Democrats wake up to the dangers of illiberalism -- finally

And now, in the wake of Trump’s victory? La Résistance is en vogue once again, and the specter of tyranny is divined in each presidential design. Writing during the 2013 federal shutdown, the New York Times’ Charles Blow approvingly cited a Brookings Institution scholar who “described our current Congress as a greater danger to national security than Al Qaeda.” The day after Trump’s election, Blow invited his readers to consider him “among the resistance,” urged the Democratic party to put the new president “under unrelenting pressure,” and presented his maxim du jour: “Power must be challenged, constantly.” What could possibly have changed?

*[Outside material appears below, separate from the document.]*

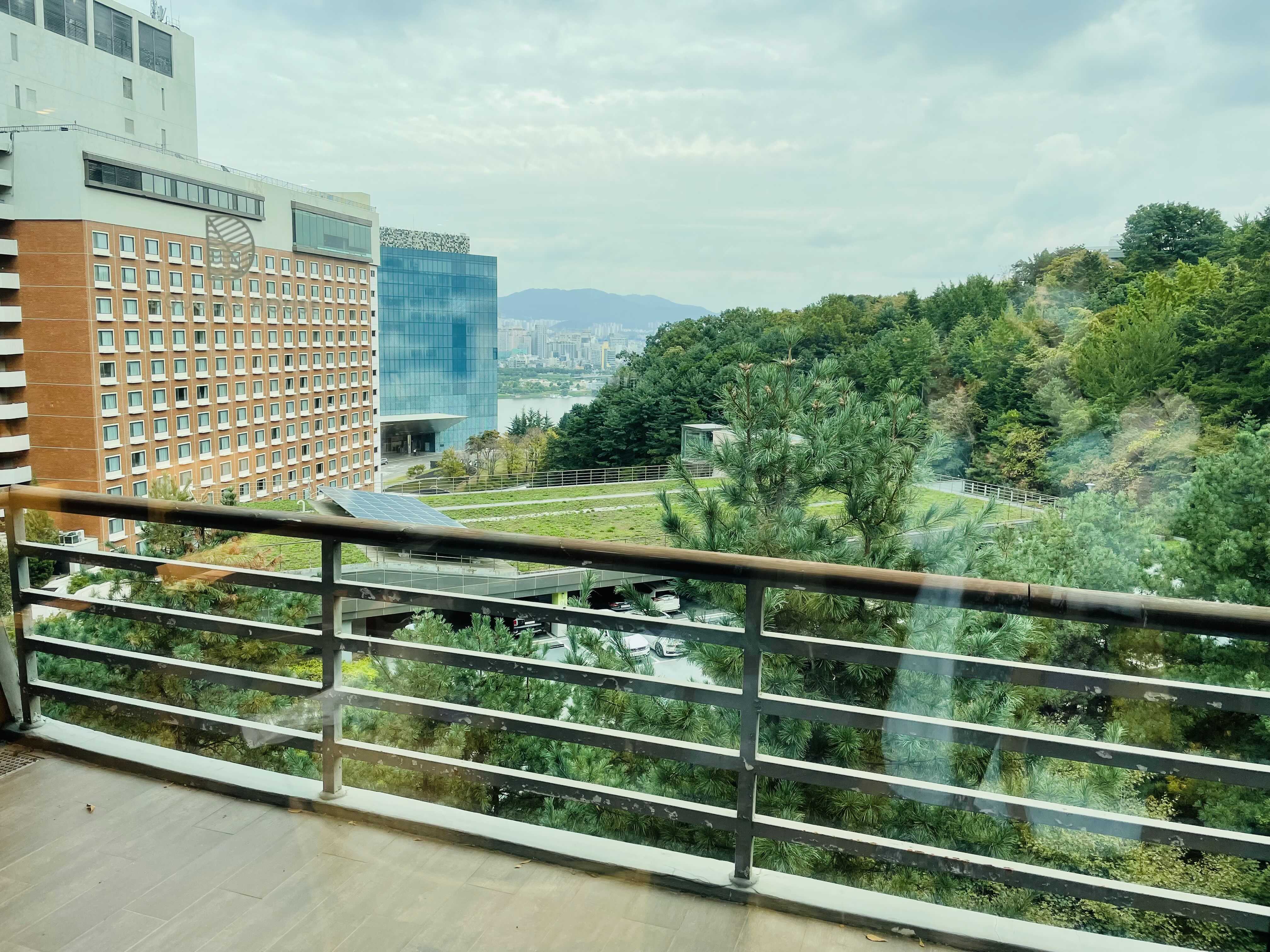 호텔 컨셉이 '숲 속의 아지트'이다 보니, 인테리어가 대부분 목재와 식물로 꾸며져 있고 어느 창으로 내다보나 아차산의 풍경이 한눈에 들어와 눈과 마음이 정화되는 느낌이었어요.

Barack Obama was no Adolf Hitler. He wasn’t even a Woodrow Wilson. But he played with abandon on the slopes that Trump now inherits, and, in so doing, he set precedents that are liable to be abused. When, as seems inevitable, President Trump complains publicly that the Supreme Court has declined to rubber-stamp his agenda, his defenders will point to Obama’s dressing down of Justice Alito during the 2011 State of the Union, and to the bully-pulpit speeches he staged on the Court’s steps, as prologue. When, as he has already in proposing Nigel Farage as the U.K.’s ambassador to the U.S., Trump violates centuries of diplomatic protocol, his cavilers will be reminded that Obama was against Brexit. If Trump attempts to dominate Congress and to usurp its legislative functions, his acolytes will show videos of Obama’s “We can’t wait.” If Trump undermines due process, we will be reminded of the Democrats’ support for restricting the Second Amendment based on the government’s “terror watch” list, and of the kangaroo courts that have been set up on college campuses across the land.

Throughout, the Brendan Nyhans of the world will ask, “How could this happen?” And the answer will be elementary: It happened because process was subordinated to partisanship and because ends became mistaken for means. It happened because men are forgetful and myopic and prone to drawing straight lines. It happened because even the best among us are tempted by expedience.